Garces Center

Concrete is poured for the foundation and walls of the coming Garces Center parish hall at St. John the Baptist Catholic Church in Laughlin. The center is named after Fr. Francisco Garces, the first Catholic missionary to enter present-day Nevada in 1776.

 

LAUGHLIN — There is a new parish hall coming to St. John the Baptist Catholic Church in Laughlin.

Construction has begun on a 6,500-square-foot center being built just west of the church. The project has been underway for over a month with a massive hole dug out for its foundation. As of Sunday afternoon, rebar for inner walls could be seen sticking up out of the ground at the site. 

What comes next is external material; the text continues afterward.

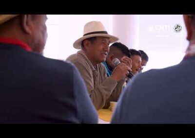 Continuamos desarrollando la sexta sesión de la Comisión Nacional de Territorios Indígenas (CNTI) entre el Gobierno Indígena y el Gobierno Nacional, donde se están abordando una serie de temas contemplados para la agenda de los tres días de los espacios de diálogo y concertación entre los espacios autónomos y mixtos. En un primer momento, se dio una mesa ampliada de gobierno a gobierno con la presentación del avance de la implementación del Artículo 55 del Decreto Ley 902 de 2017, el cual hace referencia a la implementación de Mecanismos Alternativos de Solución de Conflictos y a la no expedición de normas reglamentarias en esa materia.

According to Fr. Charlie Urnick from St. John, the parish hall will be named the Garces Center in honor of Fr. Francisco Garces, a Spanish Franciscan priest who was the first missionary to enter Nevada after crossing the Colorado River. Garces was an explorer who, while seeking a route between the missions of Sonora and California, was the first European to enter what is now Nevada on March 3, 1776. He kept a diary of his travels and wrote about what is now Laughlin, which according to Urnick is the official birthplace of the Catholic Church in the Silver State. Garces wrote that it would be a great place for a church and suggested the name St. Peter for it. Urnick  joked that he made a mistake and that St. John is what he really meant. 

Garces travelled into California and found his way to what is now Bakersfield where he started a church there. Garces continued his travels until July 19, 1781, when he was killed in a Quechan revolt against the Spanish at Yuma Crossing. On his original travels to find the route, Garces was lead by members of the Mojave Indian Tribe first from village to village and then onto the Pacific Ocean. Garces became enamored with the tribe and spent much time with them, learning their culture and living among them.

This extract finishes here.